In any case, habitation areas would need to compensate for the dense arsenic smog in some capacity (especially if they grow to town- or city-size), and settler morale could be boosted somewhat by having recreational areas where masks are not needed. Some sort of isolated enviroment (greenhouses) would also likely be needed for crops - especially if low arsenic content is desired. That said, hab domes can stillbe constructed in a simpler manner than, say, anything needed to colonize Mars or even something like the Biosphere 2 project - something more like some of the "wildlife domes" that can be found in some places, like Randers Regnskov here in Denmark, would probably be sufficient. Youalready have (mostly) the right gas mix - it's the arsenic that's the real dangrous part.

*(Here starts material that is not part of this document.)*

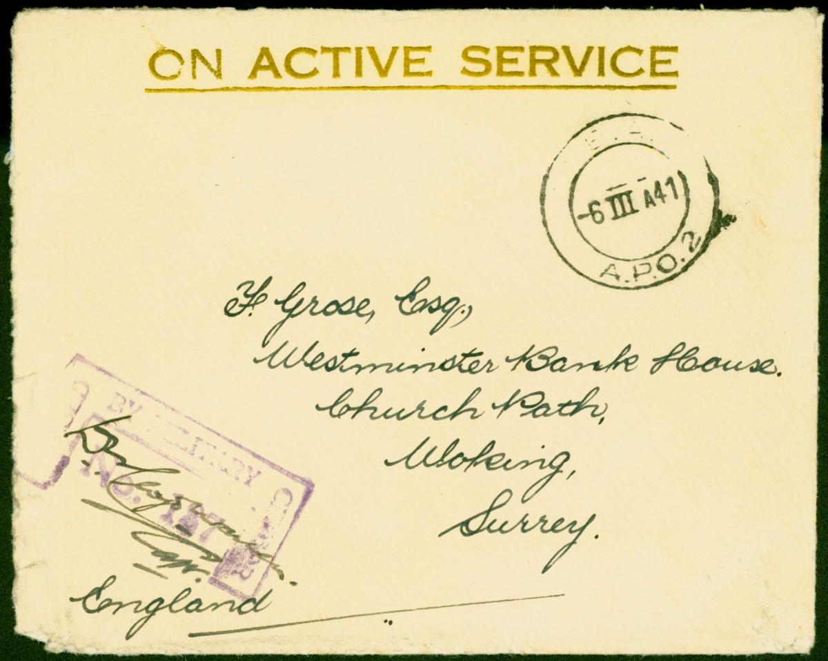 Somaliland WWII 1941 On Active Service Field Post Cover to Surrey Fine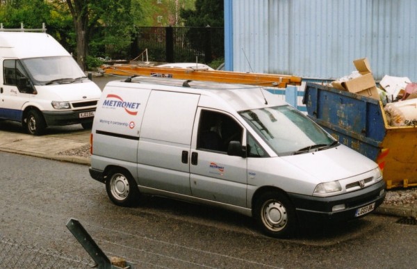 Details: A double rarity is captured here, with an unusual livery on an unusual vehicle. Five Peugeot Expert vans have been operated in recent years, two of which carried this silver livery. 5436P (LG03BWJ) can often be seen from the train at Acton Town but has proved difficult to photograph. Colin Smith caught this fine view in April 2005. In the background is Ford Transit van 5439F (KJ03DXL). |

Apart from local flora - local fauna should also be eaten with caution, as they are likely to contain higher arsenic levels than Earth life.

The first settlers on Anthemusa will likely get problems with long-term arsenic poisoning - however, later generations may develop a tolerance to the high arsenic levels of Anthemusa's atmosphere and wildlife. Alternatively genetic modification in some capacity has been put on the table.

However, you do write:

The smog can also increase in density from time to time, resulting in roving clouds of toxic poison that will occasionally pass through the forests, killing anything that breathes it.

I'm certain, if local flora and fauna has dealt with this for millions or billions of years, evolution has taken care of this in some way.